The Omaha–Council Bluffs metropolitan area has a regional population exceeding 885,600, and thousands of these residents cross over for work across the Missouri River separating the two cities.
As per the agreement, the Greater Omaha Economic Development Partnership will be joined by regional organizations in Iowa including Advance Southwest Iowa – the freshly minted public-private partnership of the City of Council Bluffs.
Gov. Branstad said there is a national trend throughout the U.S. towards building mutually-beneficial economic development partnerships. He added that this type of regional approach would give them more clout on the national scene and help bring more jobs to southwest Iowa.
Gov. Heineman said a strong regional economy benefits both states, and added that one of the most exciting parts of this announcement was that the Greater Omaha EDP will now be able to provide inquiring companies and clients with more choices.
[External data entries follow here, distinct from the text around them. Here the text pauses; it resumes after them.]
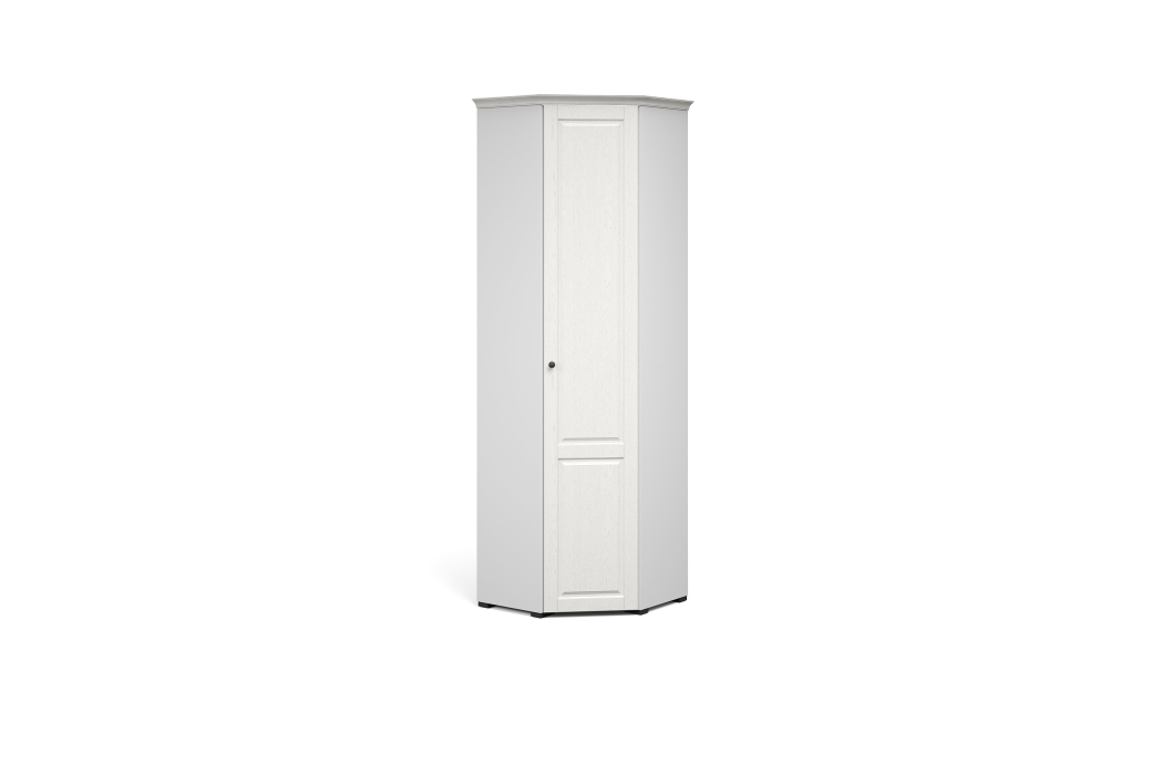 Угловой шкаф в современном классическом стиле сочетает в себе функциональность и эффектный внешний вид. Фрезерованные фасады из МДФ с рисунком и текстурой натурального дерева наполняют комнату светом, делают ее просторнее. Оригинальные металлические ручки придают изысканность. Внутри предусмотрены секции для белья и отделение со штангой. Шкаф позволяет рационально использовать пространство и будет хорошо смотреться даже в небольшой комнате, служит связующим звеном для составления угловой системы хранения. Выполнен из экологичных материалов.
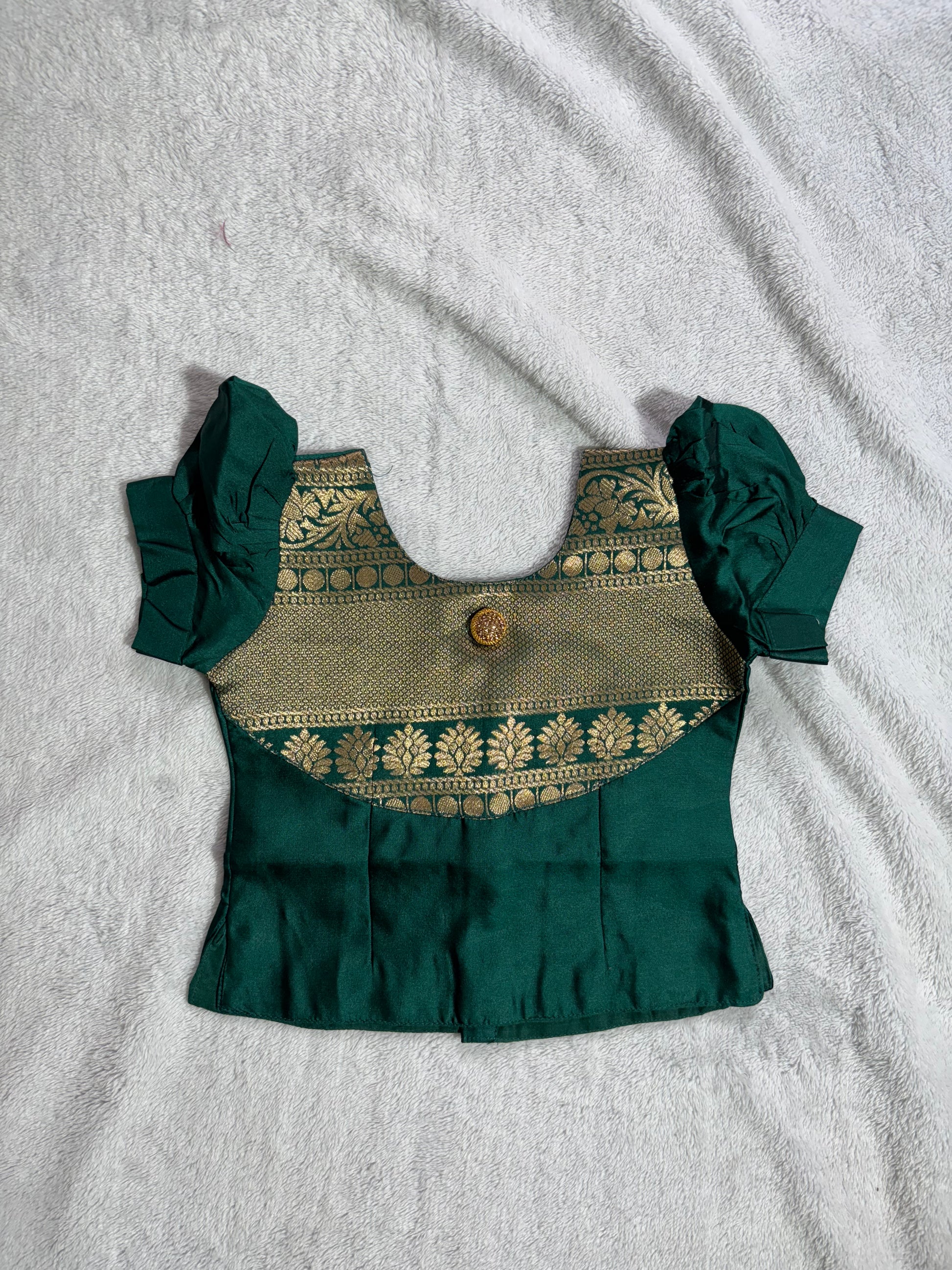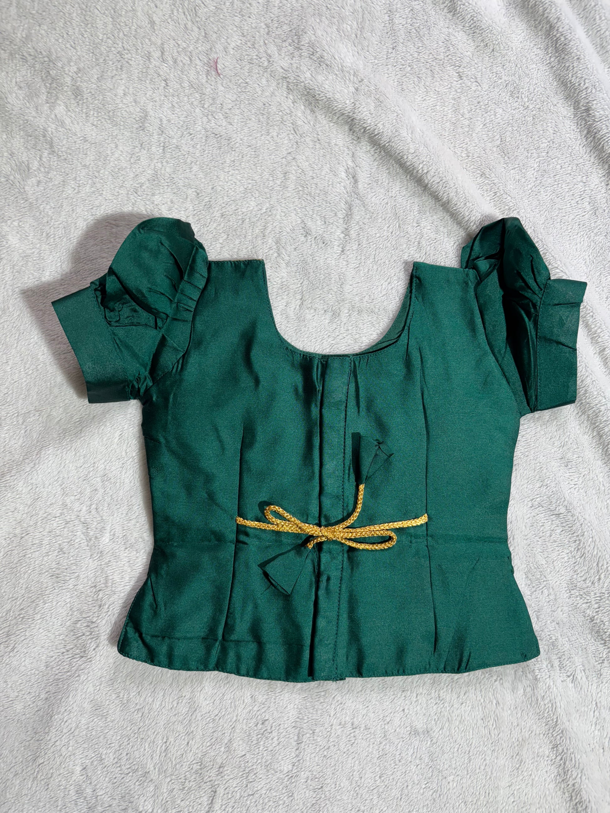 This elegant dark green blouse pairs beautifully with a pista green lehenga pattu pavadai, creating a harmonious blend of rich and subtle hues. Crafted to complement traditional attire, the blouse enhances the overall look with its deep, sophisticated shade, making it ideal for festive occasions and cultural celebrations. Its design ensures a perfect fit and comfort, allowing you to showcase timeless style with ease.
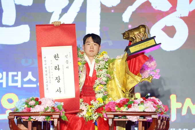 박민교(용인시청)가 위더스제약 2025 민속씨름 문경오미자장사씨름대회에서 통산 9번째 한라장사 타이틀을 거머쥐었다.
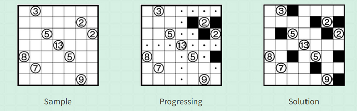 Цифры на доске показывают количество белых клеток от числа до ближайшей черной клетки или до рамки доски (по горизонтали + вертикали).

Other Iowa entities that will formally join the Greater Omaha EDP include the Council Bluffs Chamber of Commerce, Iowa West Foundation, Pottawattamie County and the Western Iowa Development Association.
The Iowa West Foundation, which played a key role in the development of the two-state collaboration, announced a grant of $2.2 million over the next five years to support economic development through the new regional partnership and the Council Bluffs Chamber of Commerce.
Pete Tulipana, president and CEO of the Iowa West Foundation, said the foundation served as a convener of the Iowa partners to begin the dialogue on regional economic development.
Bob Mundt, president and CEO, Council Bluffs Chamber of Commerce, said the Iowa coalition inquired about joining the Partnership in early 2013 after observing the successes and synergies of communities working together as an economic development region.
The two-state partnership will be focusing on a five-year program that will include business retention and expansion, talent recruitment, and entrepreneurship and innovation.
J. Mac Holladay, CEO of Market Street Services which provides strategic economic development planning services, said no other two-state regional program is working on all three of these areas.
Advance Southwest Iowa’s newly hired executive director Mike Dellinger will have an office at the Greater Omaha Chamber so as to allow for a close working relationship with the entire Partnership team.